His former colleagues at NTU, he says, “remain good friends. As for the administration, I suppose it just wasn’t a good fit. University leaders told me I did not have a future at NTU because I posed a ‘reputational risk’. Fortunately, other universities have different ideas about whom they need to impress and how, so I was able to continue my academic career — just not in my homeland.”

Although his new institution, HKBU, “doesn't pretend to be a top-tier research university”, he has been “pleasantly surprised at how much support, in time and funding, there is for research. I'd probably still be working on my book without that institutional support.” 

Asked whether his current students are optimistic or cynical, George says: “My Hongkonger students are in the Umbrella Movement generation. They have reason to be upset, because the city’s government has failed them, especially in providing affordable housing.”

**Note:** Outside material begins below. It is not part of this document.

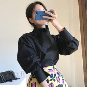 ブラウス 長袖 おしゃれ 冬 春 スタンドカラーボリューム袖 ホワイト ベージュ ブルー ブラック 白 黒 M L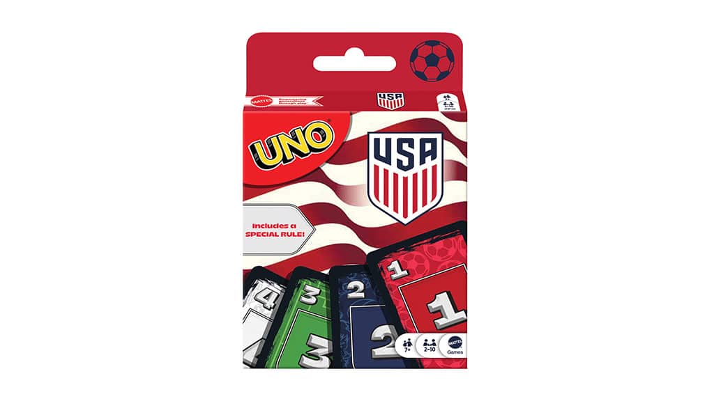 Mattel erweitert den Wettkampfgeist auch auf den Familien-Spieleabend mit dem UNO U.S. Men’s National Team-Kartenspiel – aber Vorsicht vor den Strafkarten! Das ikonische Spiel bietet mit der neuen „Gelbe und Rote Karte“-Regel ein besonderes Spielerlebnis, bei dem einige Karten zu Strafen werden. Diese Neuerung macht das Spiel noch spannender und abwechslungsreicher, sodass jedes Familienmitglied den Nervenkitzel des Wettbewerbs erleben kann, während alle gemeinsam Spaß haben.

What gives him hope? “Martin Luther King said that the arc of the moral universe is long but it bends towards justice. I believe that — that those of us arguing for human rights are on the right side of history. But then again, if we don’t fix climate change, we will see dislocation, destruction and war on a scale like never before; so who knows.”

What gives him hope?

“Martin Luther King said that the arc of the moral universe is long but it bends towards justice. I believe that – that those of us arguing for human rights are on the right side of history. But then again, if we don’t fix climate change, we will see dislocation, destruction and war on a scale like never before; so who knows.”